REQUIREMENT -> With pictures left out, please repeat word for word the lines from the one containing "Диаметр входного и" through the end of the records.

============================================================

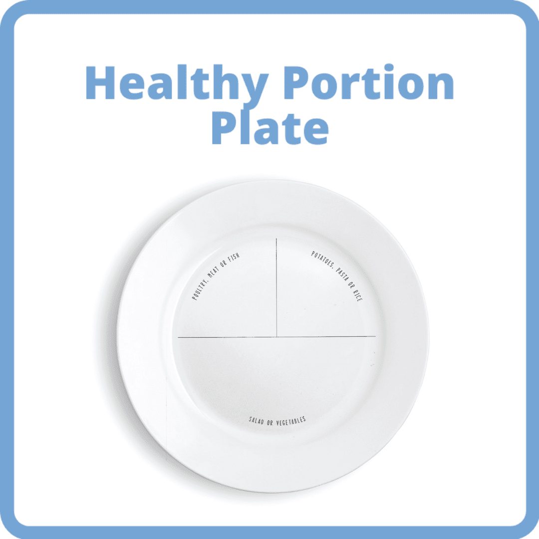 Healthy Portion Plate is a 10inch melamine plate divided into three easy to understand sections to portion food groups quickly & simply to control calories
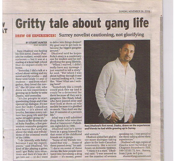 Posted on Gritty tale about gang life – The Province Newspaper The Province Newspaper November 26, 2006 By Stuart Hunter DREW ON EXPERIENCES: Surrey novelist cautioning, not glorifying. By: admin
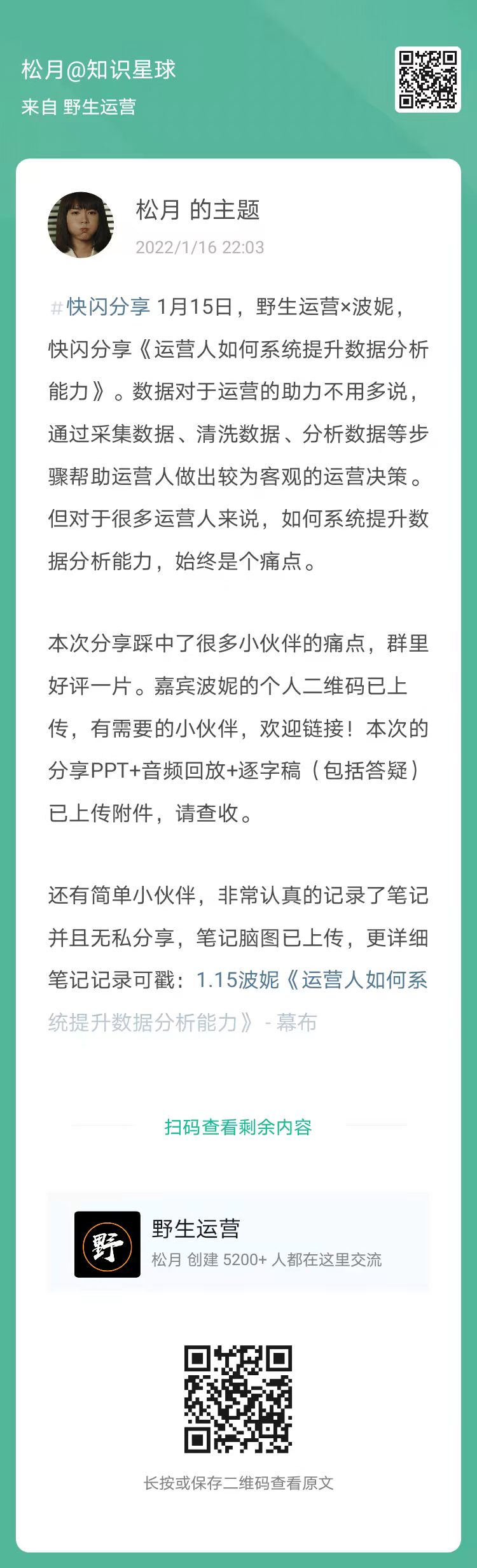 27、野生运营×波妮,快闪分享《运营人如何系统提升数据分析能力》(扫码看全文)
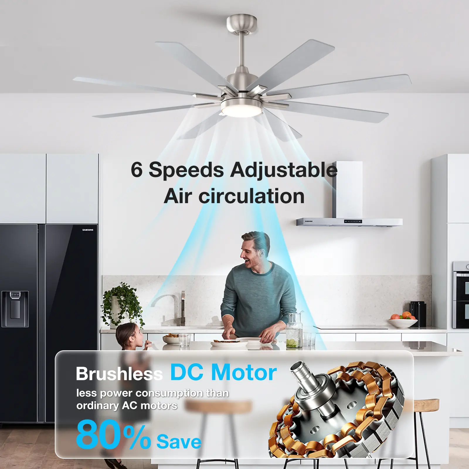 2. The ceiling fan utilizes an energy-efficient, high-performance DC motor, 5928CFM ,operating at a noise level below 35 decibels for quiet and comfortable use.Enjoy enhanced airflow for summer cooling and winter warmth while saving energy and reducing electricity costs.
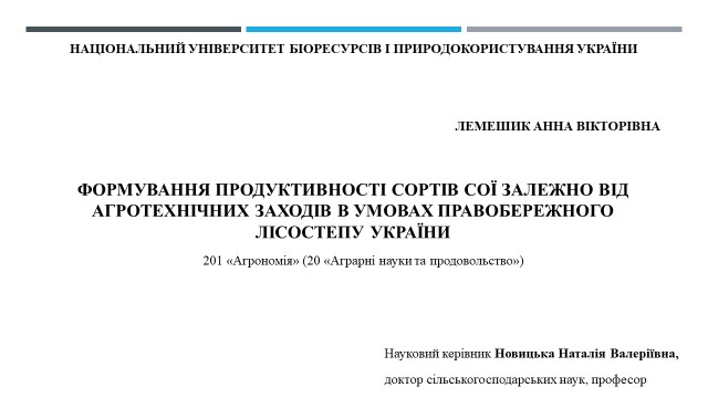 4 травня 2024 року на засіданні кафедри рослинництві відбувся попередній захист захист дисертаційних робіт Лемешик Анни Вікторівни на тему «Формування продуктивності сортів сої залежно від агротехнічних заходів в умовах Правобережного Лісостепу» (науковий керівник – професор Новицька Н.В.) та Аврамчука Віталія Івановича на тему «Продуктивність соняшнику за внесення добрив та ретардантів в умовах Правобережного Лісостепу України» (науковий керівник – доцент Гарбар Л. А.).
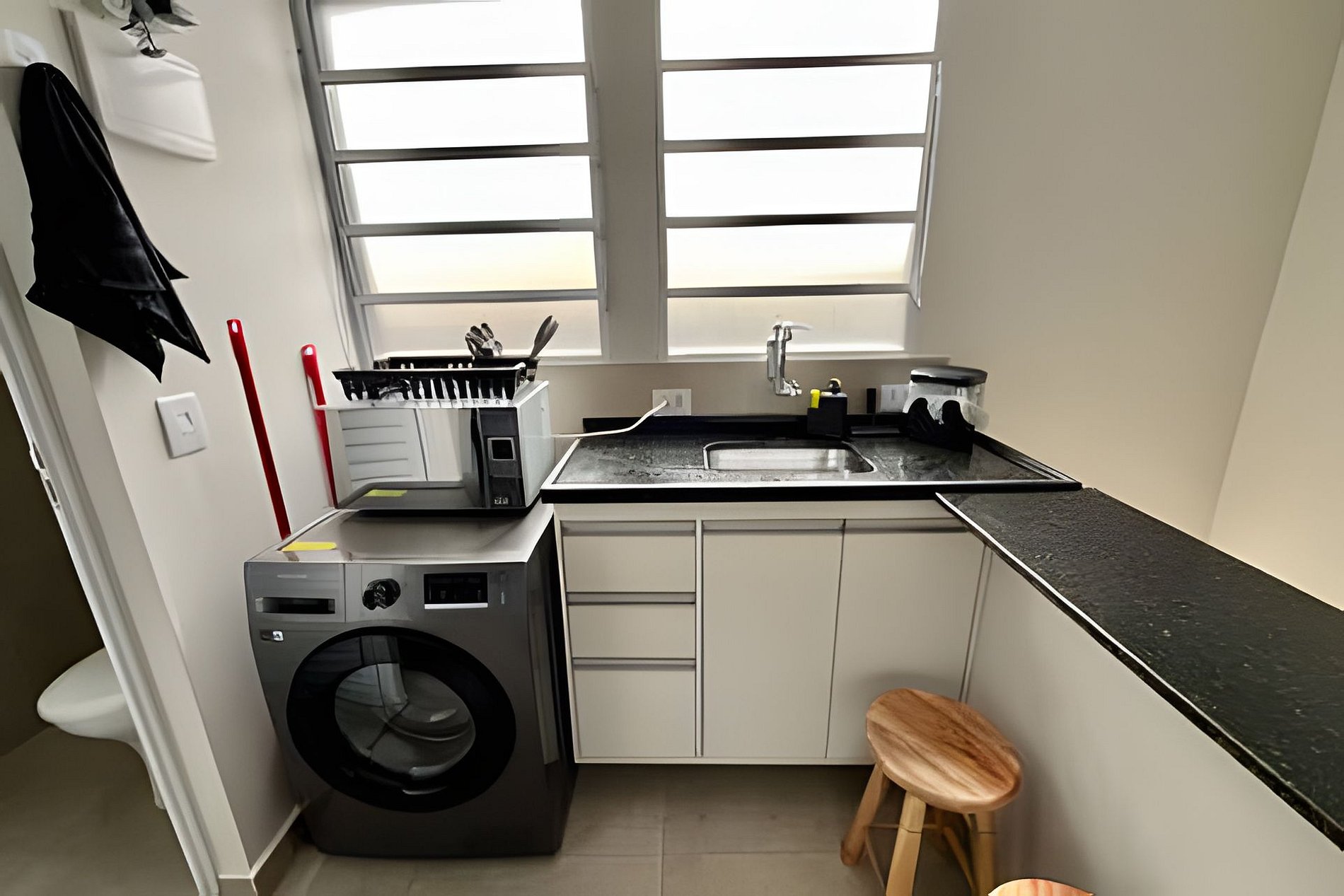 Acomoda até 2 pessoas, com 1 cama de casal. A cozinha é completa, equipada com geladeira, fogão, micro-ondas, cafeteira, sanduicheira, airfryer, pratos, copos, talheres e utensílios diversos. Dispõe ainda de lavanderia individual e privativa, garantindo praticidade e conforto durante sua estadia. O ambiente é moderno, bem iluminado e excelente para estadias curtas ou longas.
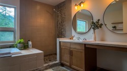 Located at the end of a quiet road, you will instantly feel one w/nature. This unique property offers 3 bedrooms upstairs in main living area & 2 suites downstairs that can connect to main house offering potential for investment suites. The house features beautiful details w/expansive indoor and outdoor areas with stunning south views of Killarney Lake throughout. Walk down some steps to arrive at the forest spa w/two outdoor tubs and Scandinavian style sauna. Keep going down steps to arrive at the 791sqft 1-bedroom cabin w/full kitchen, fireplace, bathroom, outdoor patio & veggie garden ready to harvest for meal time. Head for a swim in the lake via your private trail leading directly to Killarney Loop. This home must be seen to capture the quality of detail throughout.
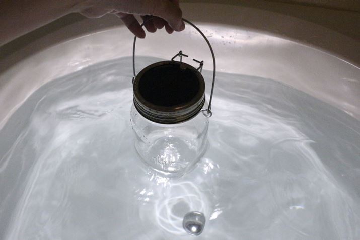 下の動画(最初10秒ほど音声のみです)のように、スイッチを入れると、やさしい光が瓶からあふれ出るように広がります。フタを閉めたり、スイッチの切替えによるカチャカチャという音が耳にも心地よく、灯りのオンオフが“ふわぁっ”と切り替わる、素朴な雰囲気で癒やし効果高めです。
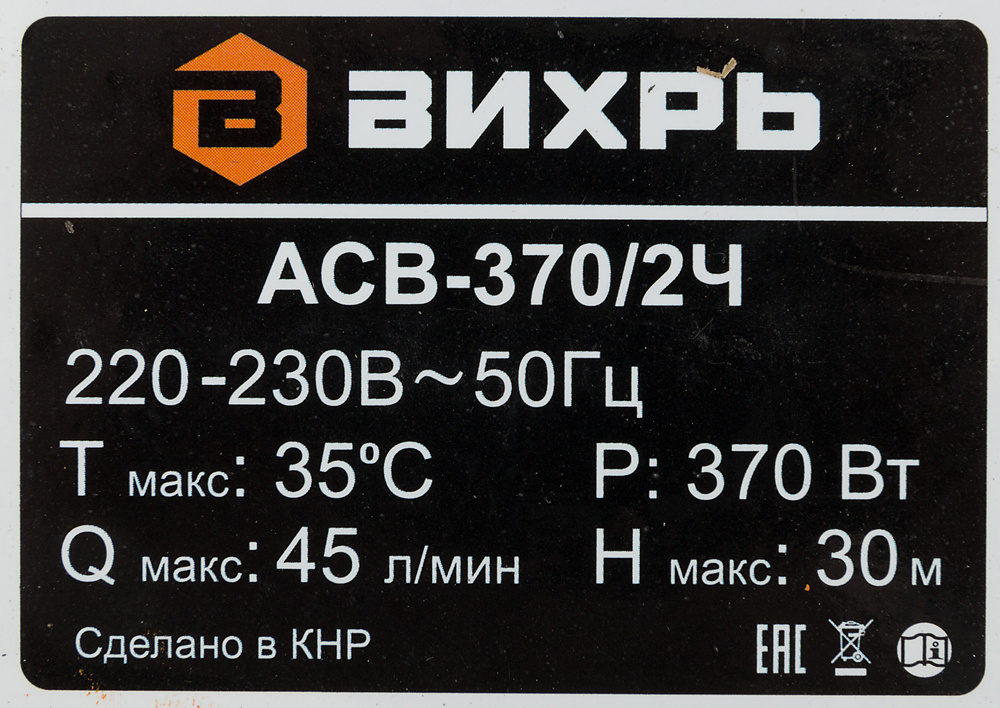 Диаметр входного и выходного патрубка – 1 дюйм, максимальное количество включений в час - 20. Тип электродвигателя - Асинхронный, однофазный с короткозамкнутым ротором.
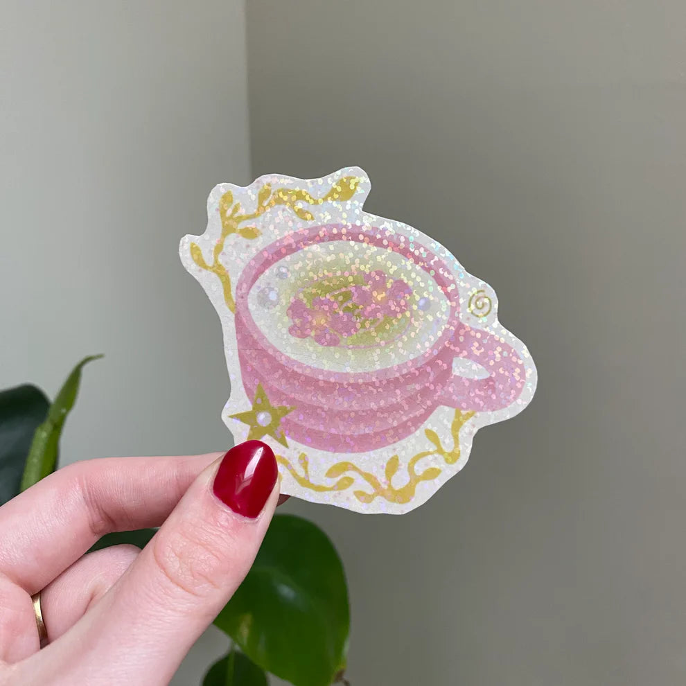 Stickers avec une lamination remplie de petites paillettes holographiques.
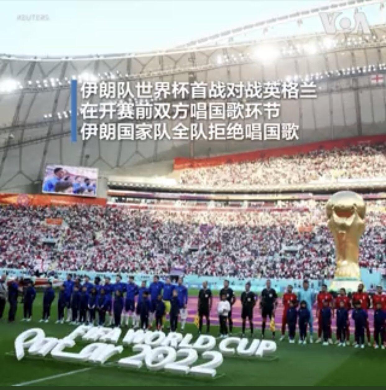 11月21日,在世界杯小组赛B组伊朗对英格兰的比赛开始前,当伊朗国歌在体育场内响起时,11名伊朗球员保持沉默,以拒唱国歌的方式,向伊朗国内的抗议民众表达支持。许多球迷当场热泪盈眶,因为伊朗国家队拒唱国歌,代表他们与数周来为自由而战、反抗政权的伊朗人站在同一边,也有人高举示威的代表性标语“女性、生命、自由”或“自由伊朗”口号的T恤,声援走上街头争取自由、为独立生活而战的伊朗人民。

============================================================

ANSWER TO THE EXERCISE ->
 Диаметр входного и выходного патрубка – 1 дюйм, максимальное количество включений в час - 20. Тип электродвигателя - Асинхронный, однофазный с короткозамкнутым ротором.
 Stickers avec une lamination remplie de petites paillettes holographiques.
 11月21日,在世界杯小组赛B组伊朗对英格兰的比赛开始前,当伊朗国歌在体育场内响起时,11名伊朗球员保持沉默,以拒唱国歌的方式,向伊朗国内的抗议民众表达支持。许多球迷当场热泪盈眶,因为伊朗国家队拒唱国歌,代表他们与数周来为自由而战、反抗政权的伊朗人站在同一边,也有人高举示威的代表性标语“女性、生命、自由”或“自由伊朗”口号的T恤,声援走上街头争取自由、为独立生活而战的伊朗人民。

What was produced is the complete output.